Mittler J E, Sulzer B, Neumann A U, Perelson A S
Theoretical Biology and Biophysics Group, Los Alamos National Laboratory, MS-K710, NM 87545, USA.
Math Biosci. 1998 Sep;152(2):143-63. doi: 10.1016/s0025-5564(98)10027-5.
We present and analyze a model for the interaction of human immunodeficiency virus type 1 (HIV-1) with target cells that includes a time delay between initial infection and the formation of productively infected cells. Assuming that the variation among cells with respect to this 'intracellular' delay can be approximated by a gamma distribution, a high flexible distribution that can mimic a variety of biologically plausible delays, we provide analytical solutions for the expected decline in plasma virus concentration after the initiation of antiretroviral therapy with one or more protease inhibitors. We then use the model to investigate whether the parameters that characterize viral dynamics can be identified from biological data. Using non-linear least-squares regression to fit the model to simulated data in which the delays conform to a gamma distribution, we show that good estimates for free viral clearance rates, infected cell death rates, and parameters characterizing the gamma distribution can be obtained. For simulated data sets in which the delays were generated using other biologically plausible distributions, reasonably good estimates for viral clearance rates, infected cell death rates, and mean delay times can be obtained using the gamma-delay model. For simulated data sets that include added simulated noise, viral clearance rate estimates are not as reliable. If the mean intracellular delay is known, however, we show that reasonable estimates for the viral clearance rate can be obtained by taking the harmonic mean of viral clearance rate estimates from a group of patients. These results demonstrate that it is possible to incorporate distributed intracellular delays into existing models for HIV dynamics and to use these refined models to estimate the half-life of free virus from data on the decline in HIV-1 RNA following treatment.
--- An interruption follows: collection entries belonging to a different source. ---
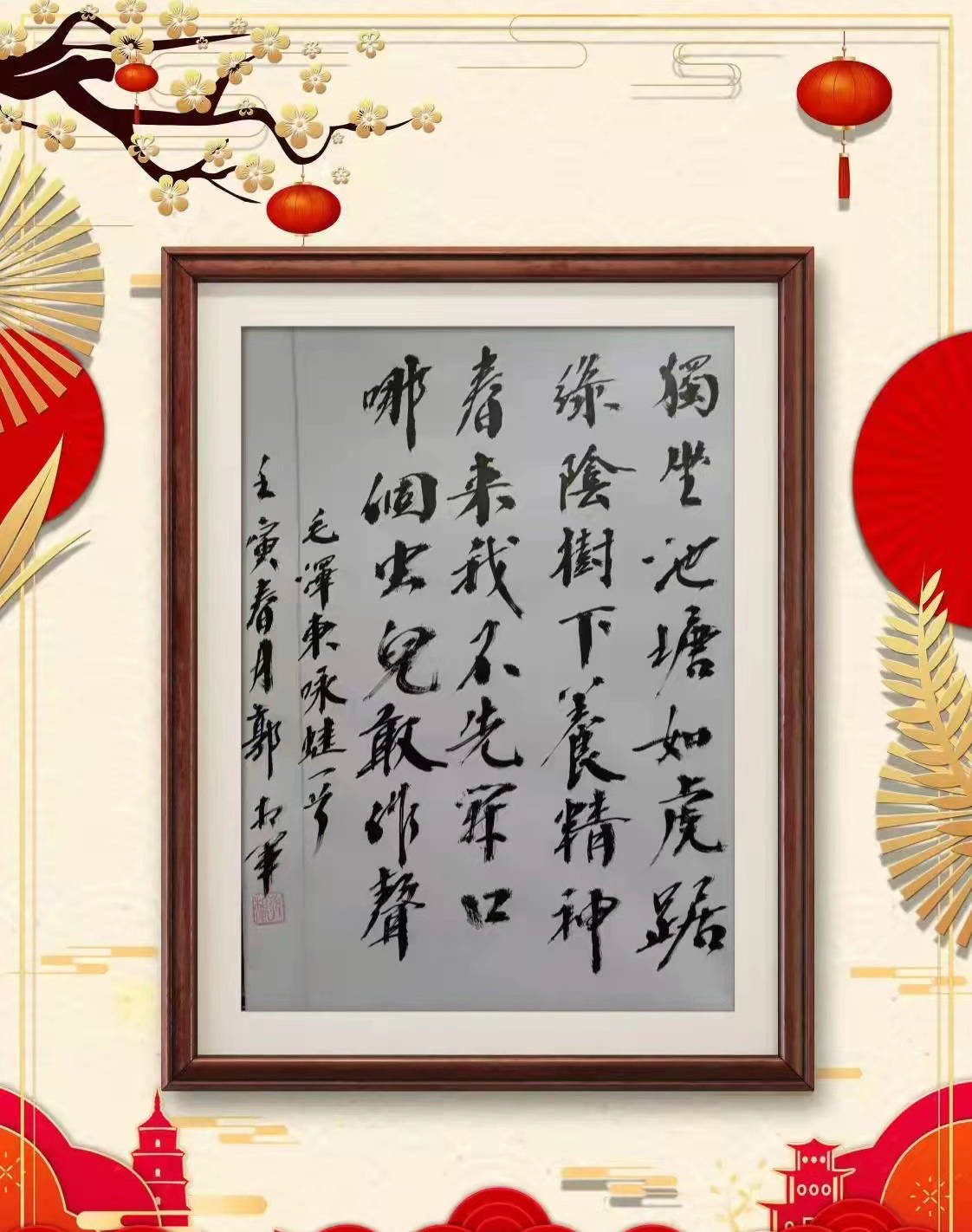 作品,行云流水的笔法遒劲有力,令人陶醉于线条,笔画之中,颇具顔体和二王书风。极具感染力,墨色中有浓有淡,浓中显精神,淡中透出灵气,且疏密有致,留白中带出空灵之韵致,不愧风格高雅,气韵有致。笔墨中彰显出自信与钻研精神。再此作品中四个【春】字的不同笔意,二个【到】字的不同写法,以及【雨】字的象形,【冰】字的飞白,使作品增色添彩。整幅章法,结构墨迹分明,大,小,浓,淡,疏,密,层次清晰,从作品的书写神韵和艺术情趣中,感悟到梅花在冰凝百丈、绝壁悬崖上傲然挺拔,坚冰不能损其骨,飞雪不能掩其俏,险境不能摧其志的精神; 领悟到梅花烂漫无嫉意, “丛中笑”共享春光喜悦,脱俗、至刚无欲,且报春不争春的高贵品质!实乃是不可多得的精品佳作!且极具收藏价值,保值,升值空间极高。到手就升值!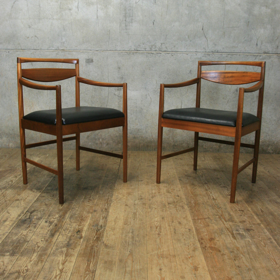 A beautifully designed & crafted set of six teak dining chairs (including two carvers) designed by Tom Robertson for A.H. McIntosh in the 1960s.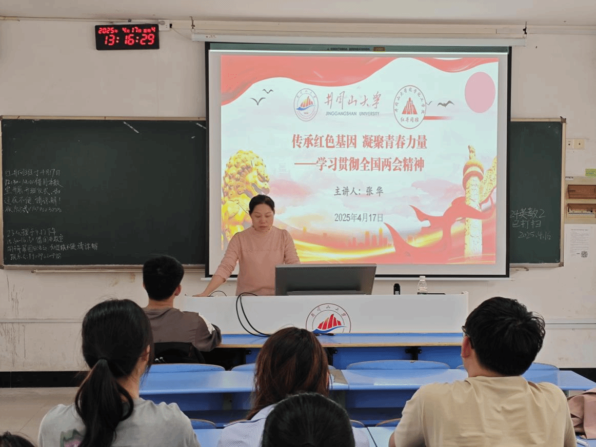 为深入学习贯彻2025年全国两会精神,引导青年学生准确把握时代脉搏,坚定理想信念,4月17日,化学化工学院在9-207教室为“红井冈班”学员开展了全国两会精神宣讲活动,学院党委副书记张华作专题宣讲。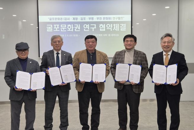 경기호연뉴스 민선기 기자 | 부천문화원과 강서문화원, 계양문화원, 김포문화원, 부평문화원은 3월 4일 부천문화원에서 ‘굴포문화권’을 토대로 하는 연구교류 협약식을 체결했다. 이로써 ‘굴포’를 같은 문화권으로 하는 부천문화원·강서문화원·계양문화원·김포문화원·부평문화원은 학술대회와 콘텐츠 발굴 사업 등 다양한 지역학 자원을 발굴하고 활성화하기 위해 최초로 지역학 연구 모델을 구축하게 됐다. 특히, 이번 협약은 경기도(부천, 김포), 서울특별시(강서), 인천광역시(계양, 부평)를 잇는 ‘지역학’ 중심의 연구 교류를 마련한다는 점에서 주목된다.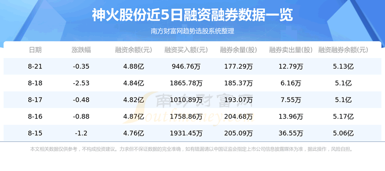 神火股份8月21日融券信息显示,融资方面,当日融资买入946.76万元,融资偿还522.84万元,融资净买额423.92万元。融券方面,融券卖出12.79万股,融券偿还20.87万股,融券余量177.29万股,融券余额2515.73万元。融资融券余额5.13亿元。近5日融资融券数据一览见下表: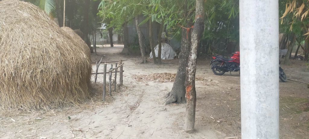রাস্তাটির এক প্রান্তে খরের পালা বাশ দিয়ে আটকিয়ে ও অপরদিকে একটি গাছের জন্যে প্রতিবন্ধকতা সৃষ্ঠি করা হয়েছে ।

我们提出并分析了一种人类免疫缺陷病毒1型(HIV-1)与靶细胞相互作用的模型,该模型包括初始感染与产生感染性细胞形成之间的时间延迟。假设细胞间这种“细胞内”延迟的变化可以用伽马分布来近似,伽马分布是一种高度灵活的分布,能够模拟各种生物学上合理的延迟,我们给出了在使用一种或多种蛋白酶抑制剂开始抗逆转录病毒治疗后血浆病毒浓度预期下降的解析解。然后我们使用该模型来研究能否从生物学数据中识别出表征病毒动力学的参数。通过非线性最小二乘法回归将模型拟合到延迟符合伽马分布的模拟数据,我们表明可以获得游离病毒清除率、感染细胞死亡率以及表征伽马分布的参数的良好估计值。对于延迟是使用其他生物学上合理的分布生成的模拟数据集,使用伽马延迟模型可以获得病毒清除率、感染细胞死亡率和平均延迟时间的合理良好估计值。对于包含添加模拟噪声的模拟数据集,病毒清除率估计值不太可靠。然而,如果已知平均细胞内延迟,我们表明通过取一组患者病毒清除率估计值的调和平均值,可以获得病毒清除率的合理估计值。这些结果表明,有可能将分布的细胞内延迟纳入现有的HIV动力学模型,并使用这些改进的模型根据治疗后HIV-1 RNA下降的数据来估计游离病毒的半衰期。